Task brief
The output must match the lines from the first line of the listing below through the line holding "En el plano" exactly and must contain no pictures.

Data
========

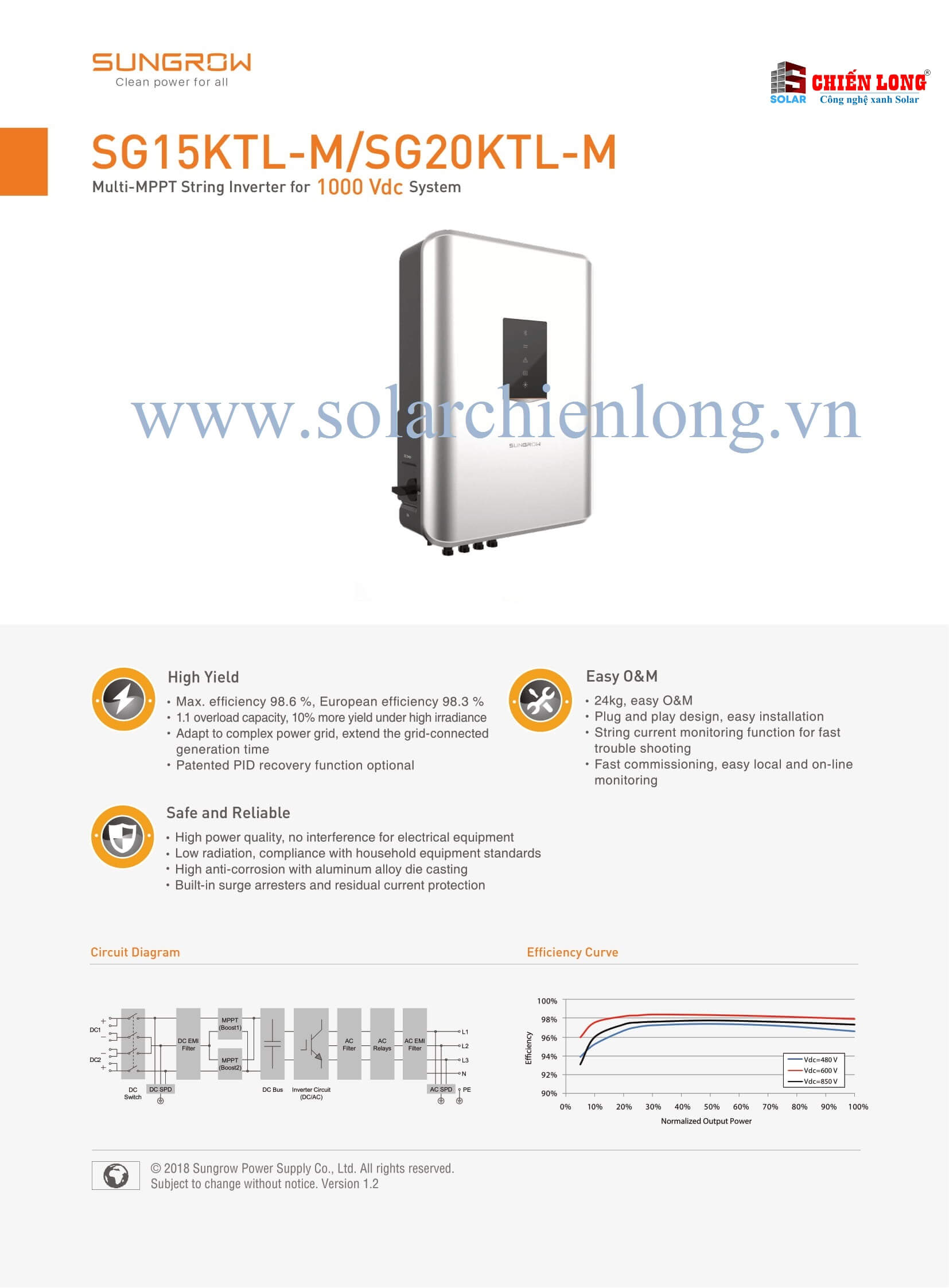 Là dòng thiết bị String inverter công suất 20kW, 2 MPPT. SG20KTL-M có hiệu suất chuyển đổi 98,6%.
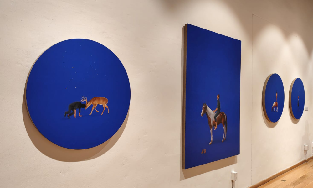 En el plano formal, la muestra también destaca por tratamientos en la composición, la disposición de planos, la escala y la aplicación de color local, rasgos que, lejos de responder a una lógica realista, apuntan a una abstracción del tiempo y del espacio. Varias de las piezas, además, rompen con el formato cuadrangular tradicional de la pintura, reforzando la apuesta del artista por ampliar los límites del soporte.
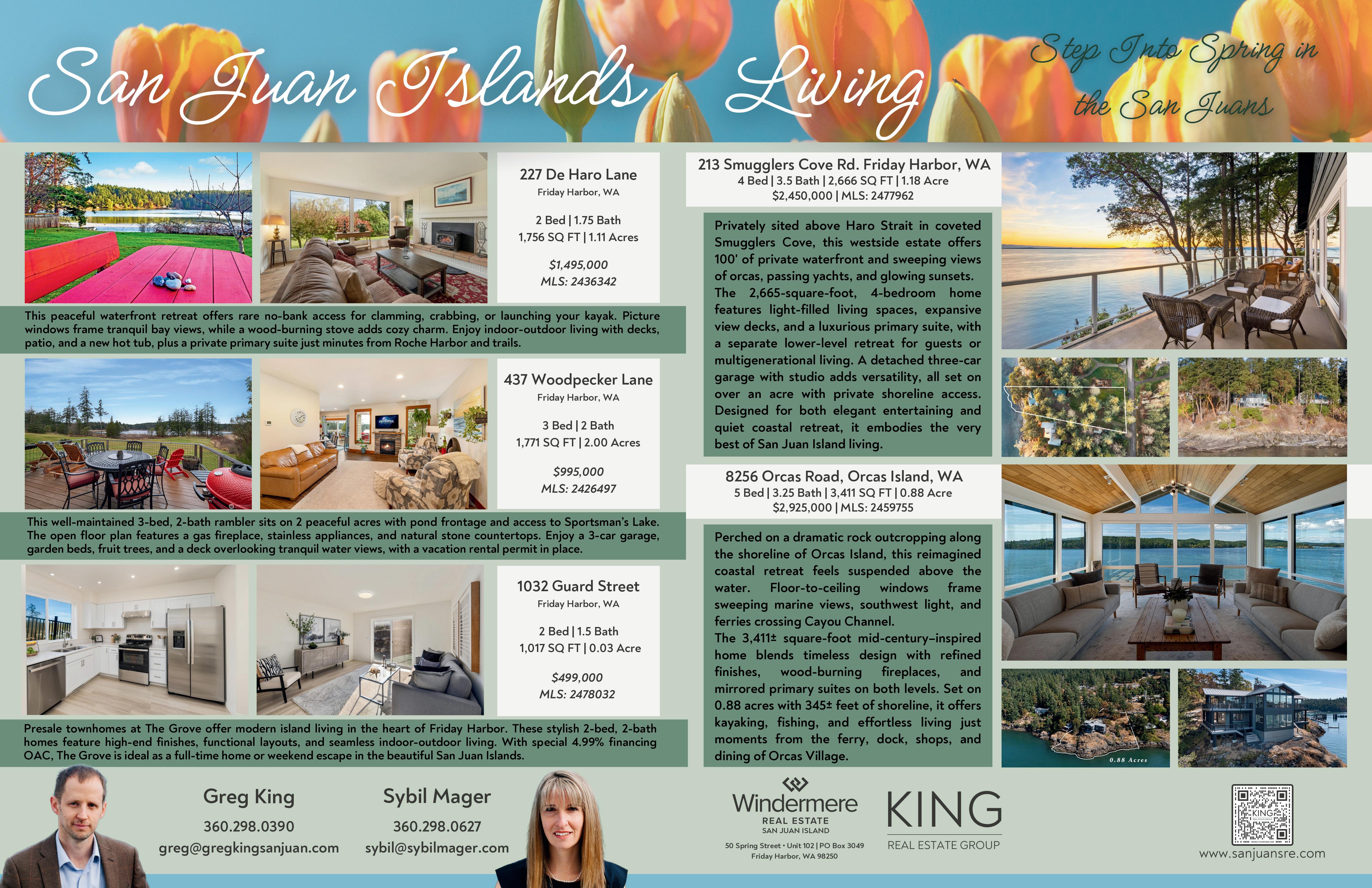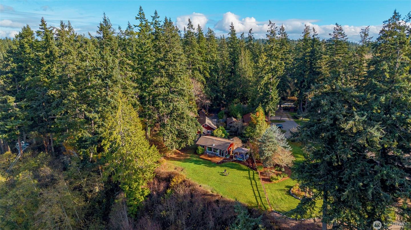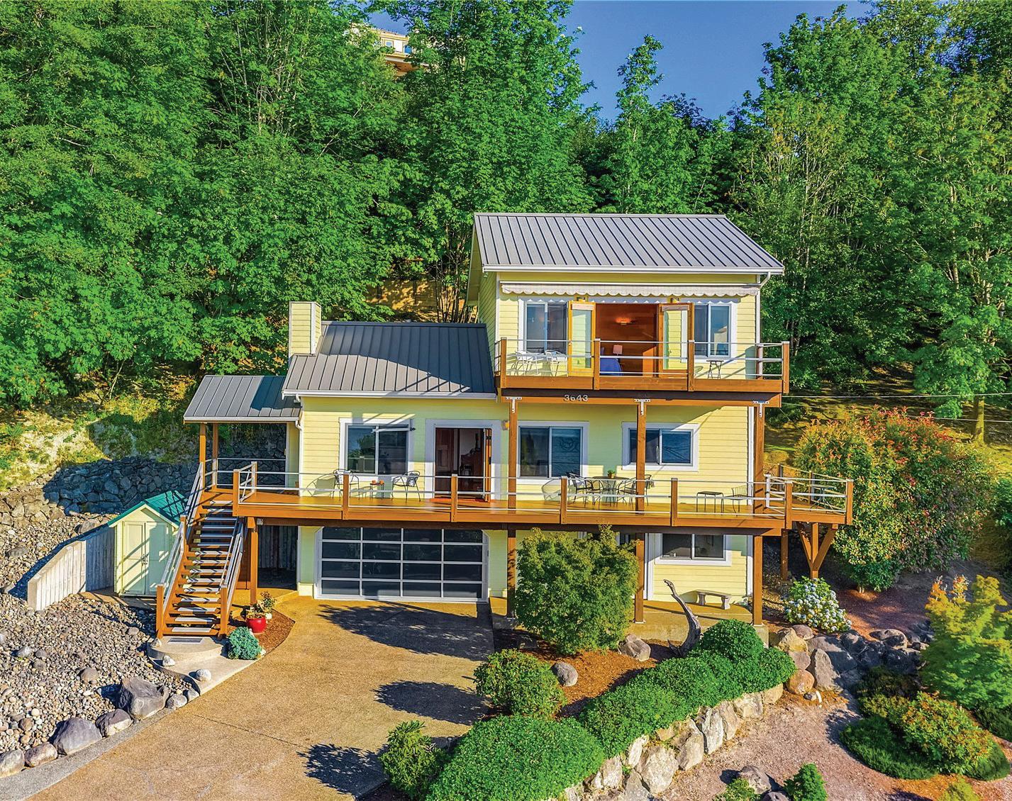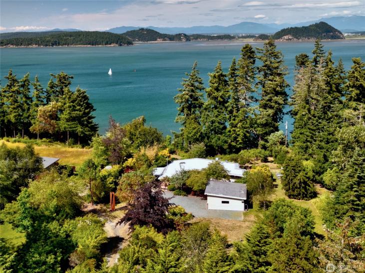 Two Waterfront Retreats on 4.95 acres at 755 & 757 Ferry Road. Step into island living with not one, but two charming waterfront homes with full kitchens, a shared 3 car garage and a total of 3 bathrooms on separate tax lots—perfect for gatherings, guests, or a rare investment opportunity. Set above the shoreline and framed by fir, madrona and beautiful yard art. Each home offers waterfront decks with sweeping views. Between the homes, are beautiful natural landscaping, a gathering area with a stone-laid patio and a built-in firepit that invites cozy evenings under the stars. Inside, natural light pours through big windows or skylights. This rare north-end setting blends privacy, community, and adventure—all in one.

========

Response to the task
 Là dòng thiết bị String inverter công suất 20kW, 2 MPPT. SG20KTL-M có hiệu suất chuyển đổi 98,6%.
 En el plano formal, la muestra también destaca por tratamientos en la composición, la disposición de planos, la escala y la aplicación de color local, rasgos que, lejos de responder a una lógica realista, apuntan a una abstracción del tiempo y del espacio. Varias de las piezas, además, rompen con el formato cuadrangular tradicional de la pintura, reforzando la apuesta del artista por ampliar los límites del soporte.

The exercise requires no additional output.